RO: What is the relationship of your environment, your daily surroundings, to your writing? What themes or traits will readers find in your work? What will they not find?

DPM: My environment, for the first time in my life, is the fuel for my poetry: if not for Jeju, i’d never have thought to make a character of myself, never would i have thought that my experience was of value, i’d never have cottoned on to using the environment around me rather than failing miserably to imagine or research a place i don’t know all that well. It sounds ridiculous, but the grass is always greener over there. i don’t like that proverb, but i succumb to it against my better judgement.

Jeju is split between the tourists & the locals. The tourists usually come from Seoul, are quite affluent & modernized. They zip from A-B, snapping selfies then rushing to the next place. It is uncomfortable watching them sometimes, how desperate they are to do as much as possible & never pausing to reflect or take in something first hand. This isn’t everyone, but it is a common feature of my day to day life: photo food, photo this, then that & not doing it with any attention, just point & click, a document to say I was there. i don’t get it, but i think conversation is for this. i just don’t get that sort of passivity when experiencing anything, it’s all we have.

The locals just work. If you don’t keep your eyes open you could miss them, huddled, retired over their task, in the fields. They look worn, disheveled from a life of wind, salt & soil caked hands. But they are strong, despite their average age being over 70.

Dichotomies expand into other areas, however the foundational essentials to spring board from are: people; weather, the effect of the elements on things, which is so noticeable on an island, knackered stuff, rust, debris outworn objects generally; work, hardship; abandonment, isolation, affluence, wastefulness, abundance, nature thriving in unlikely places, the ocean, critters, food, booze, nature generally- all are recurring themes along with whatever their opposites may be & the conflict or desire for resolution that i may be tousling with in my opinion attempts to clarify my position. i find having an opinion on anything difficult as someone can always counter it, we live in a Sophistic world.

Halla Mt, which is Jeju is always in the background & is frequently present in my poems too. The weather here is Bi-polar & it is just not possible to leave it out, especially as it seems to have done so much to the people, bringing them a rich soil & hard toil.

roof-view

The mermaids too, the Haenyo, are a recurring feature; women who forage abalone, conchs & various mollusks, by hand, free diving, without oxygen, in all seasons. Their abilities, according to my friend who blogs at wearepagans.wordpress.com about Jeju shamanism, are similar to Wim Hof’s cold endurance.
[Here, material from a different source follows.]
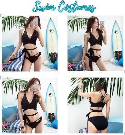 レディース ビキニ 水着 2点セット ストラップ セクシー スイムドレス レースアップ セパレート 編みあげ ブラック水着 三角水着 上下セット ビキニセット 女性水着 ハイウエストショーツ 無地

The tradition is 1500 years old & only their attire has been upgraded: they now have wet suits.

i knew when i started writing about Jeju that i wanted recurring themes, motifs is probably more apt. After reading Walcott’s White Egrets, which has some wonderful motifs, i knew i could do something similar with Jeju.

Alcohol: Jeju fishermen, construction workers & farmers like to drink, not like, need to drink. Soju, a non-distilled spirit & makkoli usually crop up in the poems as they are drank at all times of day. Makkoli is especially popular & useful as it is made with just fomented rice & tastes good. After a bottle you get a surge of energy & both fight off the numbing cold wind of winter. The chap who did our electrics during the construction of our guesthouse would turn up, ask for a bottle of makkoli, get it down him in three bowls, one gulp each, then & only then would he start any work. For lunch despite rice, soup & side dishes on offer, he would eat just a few mouthfuls of green onion kimchi & a bottle or two of makkoli. i asked if he ate or drank anything else, he said no. He worked damn hard & even though pushing 70 he looked much younger & suffered from no ill health.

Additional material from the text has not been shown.